Everything from the line with "รอยตำหนิ: ขนหายใต้คาง ไม่มีปลอกคอค่อนข้างขี้กลัว" to the end of the data below, both lines included, should be transcribed exactly; please omit the pictures.

=== Available records ===
━━━━━━━━

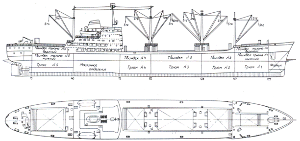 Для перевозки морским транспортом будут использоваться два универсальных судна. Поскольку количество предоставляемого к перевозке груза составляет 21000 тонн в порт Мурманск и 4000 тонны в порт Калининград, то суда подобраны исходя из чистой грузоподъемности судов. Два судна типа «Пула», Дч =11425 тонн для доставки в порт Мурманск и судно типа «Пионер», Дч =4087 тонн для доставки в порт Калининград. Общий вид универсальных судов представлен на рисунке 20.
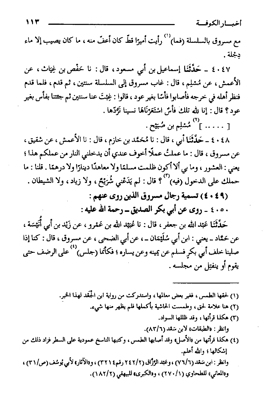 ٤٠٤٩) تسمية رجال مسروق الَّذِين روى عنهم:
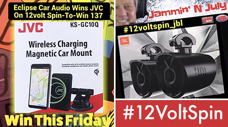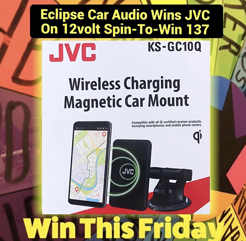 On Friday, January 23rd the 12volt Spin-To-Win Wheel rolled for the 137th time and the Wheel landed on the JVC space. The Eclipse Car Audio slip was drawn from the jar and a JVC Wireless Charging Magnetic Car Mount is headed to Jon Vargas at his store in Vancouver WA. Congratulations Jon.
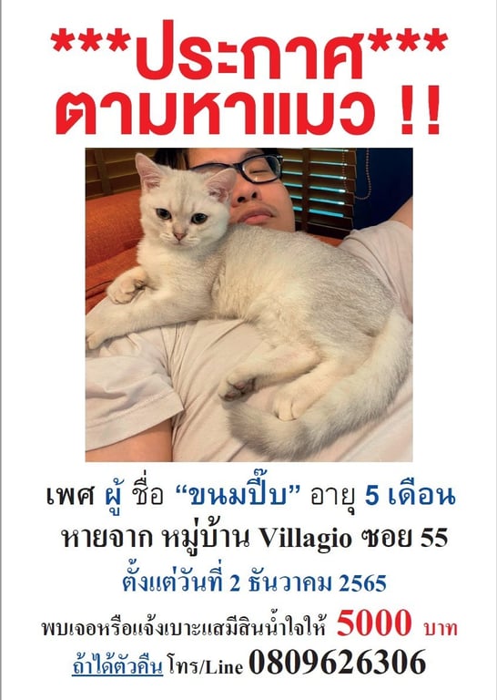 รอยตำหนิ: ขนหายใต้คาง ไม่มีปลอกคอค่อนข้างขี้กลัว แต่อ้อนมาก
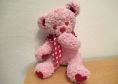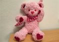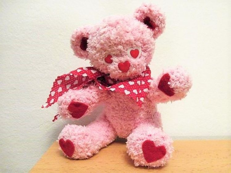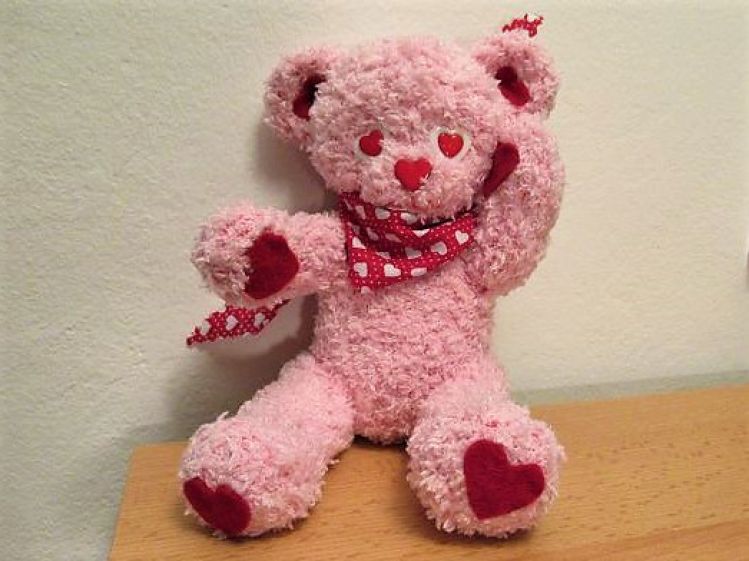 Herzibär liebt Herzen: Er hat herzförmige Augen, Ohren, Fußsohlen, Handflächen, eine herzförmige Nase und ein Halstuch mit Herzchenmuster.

━━━━━━━━

=== Task result ===
 รอยตำหนิ: ขนหายใต้คาง ไม่มีปลอกคอค่อนข้างขี้กลัว แต่อ้อนมาก
 Herzibär liebt Herzen: Er hat herzförmige Augen, Ohren, Fußsohlen, Handflächen, eine herzförmige Nase und ein Halstuch mit Herzchenmuster.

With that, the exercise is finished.